WHAT YOU WILL DO
An exact copy of the lines of the listing below between the "サスペンダースカート:肩ベルト22cm-30cm 着丈短78cm 長90cm(肩ベルト含めず)" line and the "LED-Glasbild mit austauschbarem" line, both included, is the whole answer; please omit the pictures.

RECORDS FOR THE TASK
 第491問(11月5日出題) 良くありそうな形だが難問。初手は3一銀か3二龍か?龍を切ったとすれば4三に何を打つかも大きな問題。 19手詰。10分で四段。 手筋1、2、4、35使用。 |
...
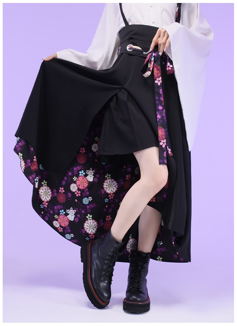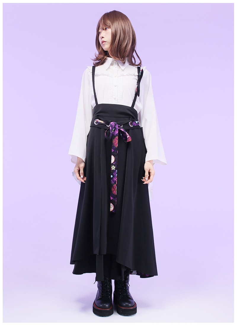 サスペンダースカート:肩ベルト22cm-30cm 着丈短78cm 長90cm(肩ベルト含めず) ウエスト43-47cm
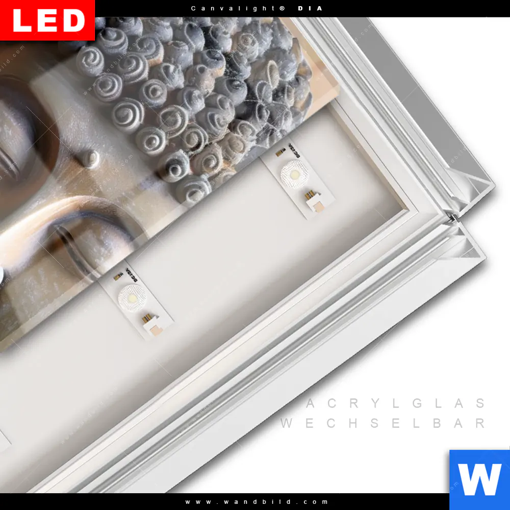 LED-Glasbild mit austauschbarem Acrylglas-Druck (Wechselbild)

OUTPUT FOR THIS EXERCISE
 サスペンダースカート:肩ベルト22cm-30cm 着丈短78cm 長90cm(肩ベルト含めず) ウエスト43-47cm
 LED-Glasbild mit austauschbarem Acrylglas-Druck (Wechselbild)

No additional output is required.